**Task**
Starting at the first line of the data, print each line verbatim up to and including the line bearing "Freuen sich auf", omitting pictures.

*** Dataset entries ***

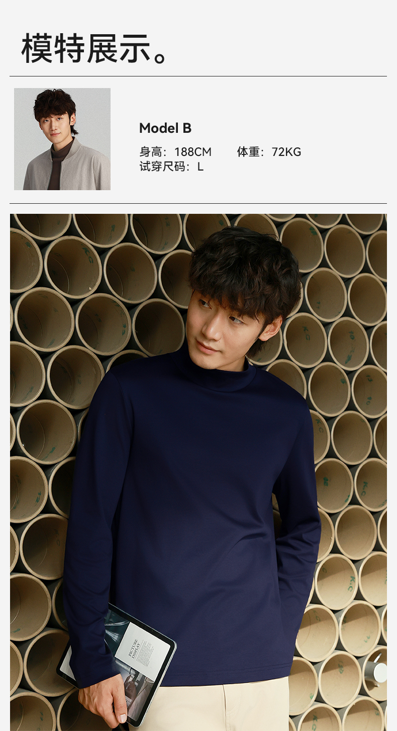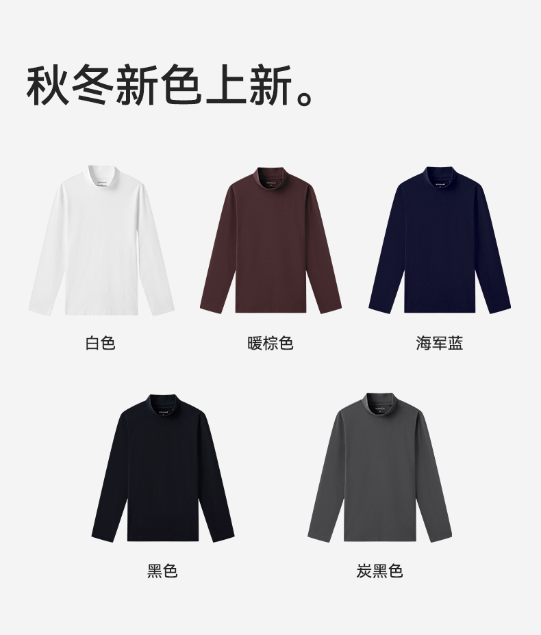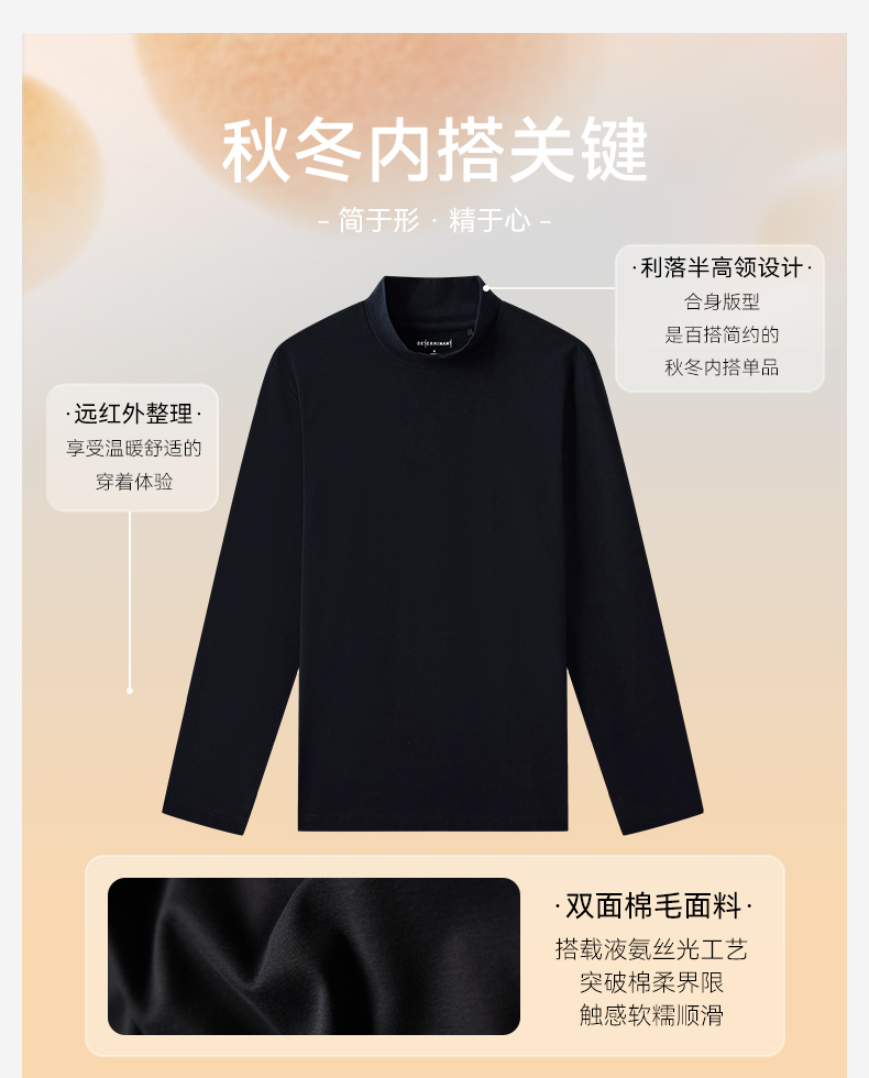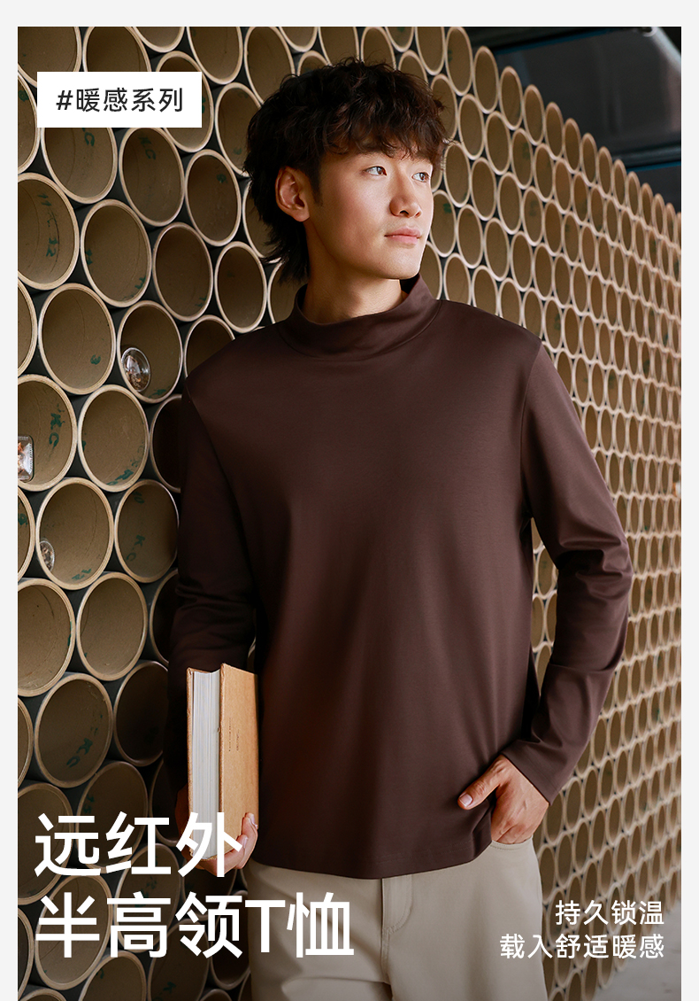 十如仕100%新疆长绒棉远红外保暖半高领长袖T恤-T16-02
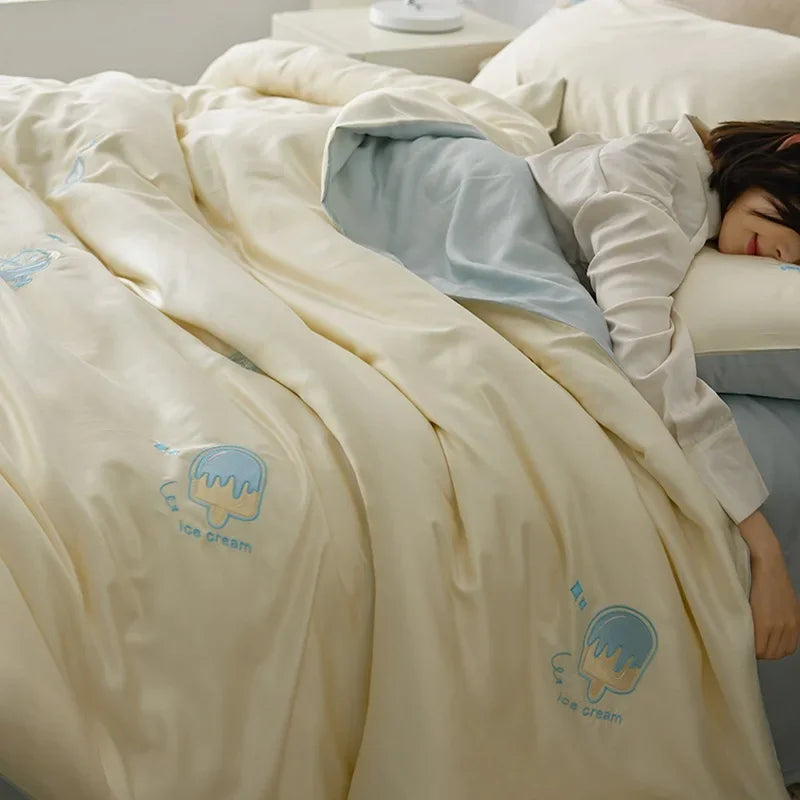 DecorBites™ Cartoon Embroidery Comforter Set with Silky Cooling Touch Fitted Sheet - Luxury Rayon Bedding Set
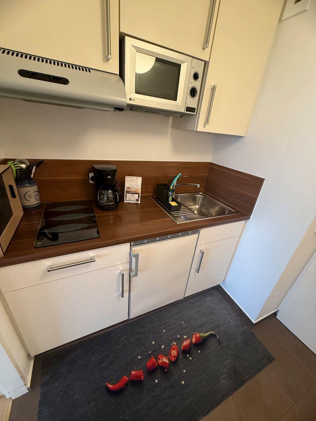 Besteck, Kochfeld, Küchenzeile, Gefrierfach, Geschirr, Kühlschrank, Kochtöpfe, Filterkaffeemaschine, Mikrowelle
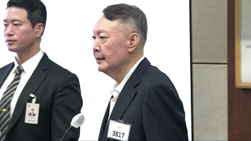 피고인석에 앉아 줄곧 변호인과 이야기를 하던 윤 전 대통령은 공판시작 전 재판장의 호명에 급하게 답하기도 했습니다.
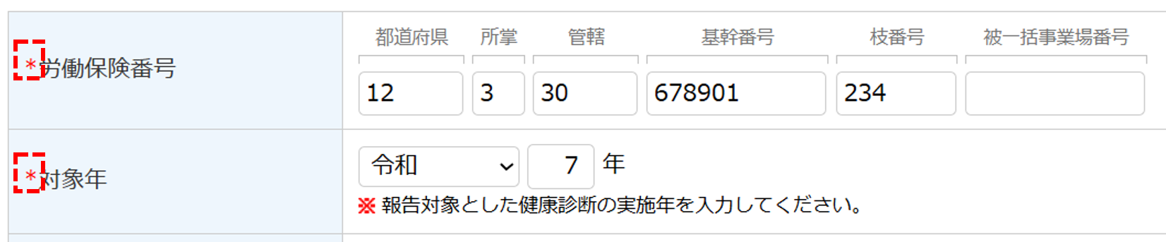 「*」がついている項目は必須入力です。未入力のまま申請することはできません。
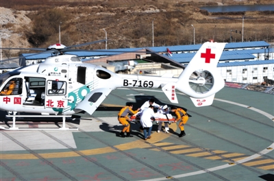 新京报讯 (记者魏铭言 张秀兰)搭载患者的AW139型直升机在京北上空盘旋,最终降落在位于昌平区中关村生命科学园的北京大学国际医院主楼顶停机坪。从降落到患者进入手术室,用时仅5分钟。
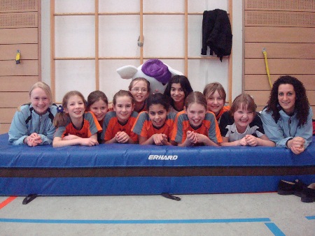 Freuen sich auf die Play-Offs der Plätze 1-5: unsere Jugend AK 8-11 mit den Trainerinnen Juliane Nolte und Makbule Özden
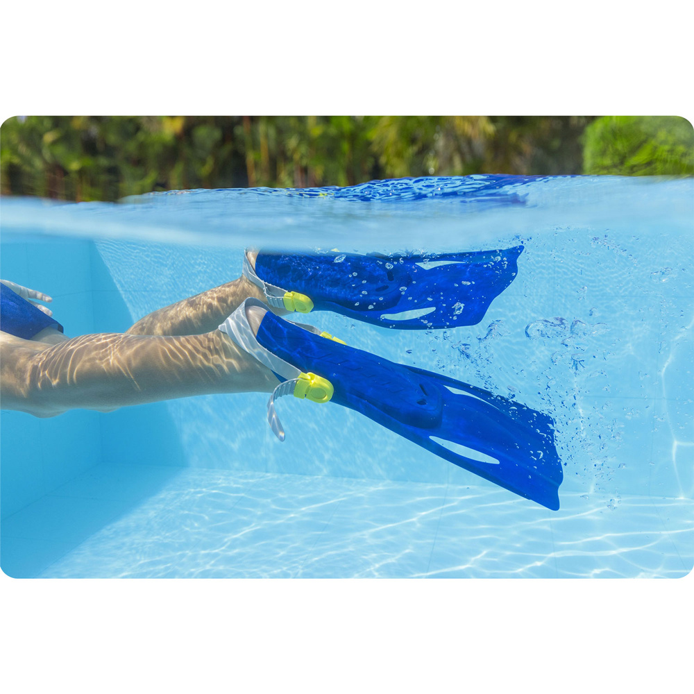 - Regulacja i dopasowanie: Regulowany pasek maski oraz zaczep rurki umożliwiają łatwe i szybkie dopasowanie do indywidualnych potrzeb użytkownika. Płetwy w rozmiarze 37–41 zapewniają komfort noszenia i efektywne poruszanie się w wodzie.

*** End of Dataset entries ***

**Result**
 十如仕100%新疆长绒棉远红外保暖半高领长袖T恤-T16-02
 DecorBites™ Cartoon Embroidery Comforter Set with Silky Cooling Touch Fitted Sheet - Luxury Rayon Bedding Set
 Besteck, Kochfeld, Küchenzeile, Gefrierfach, Geschirr, Kühlschrank, Kochtöpfe, Filterkaffeemaschine, Mikrowelle
 피고인석에 앉아 줄곧 변호인과 이야기를 하던 윤 전 대통령은 공판시작 전 재판장의 호명에 급하게 답하기도 했습니다.
 「*」がついている項目は必須入力です。未入力のまま申請することはできません。
 新京报讯 (记者魏铭言 张秀兰)搭载患者的AW139型直升机在京北上空盘旋,最终降落在位于昌平区中关村生命科学园的北京大学国际医院主楼顶停机坪。从降落到患者进入手术室,用时仅5分钟。
 Freuen sich auf die Play-Offs der Plätze 1-5: unsere Jugend AK 8-11 mit den Trainerinnen Juliane Nolte und Makbule Özden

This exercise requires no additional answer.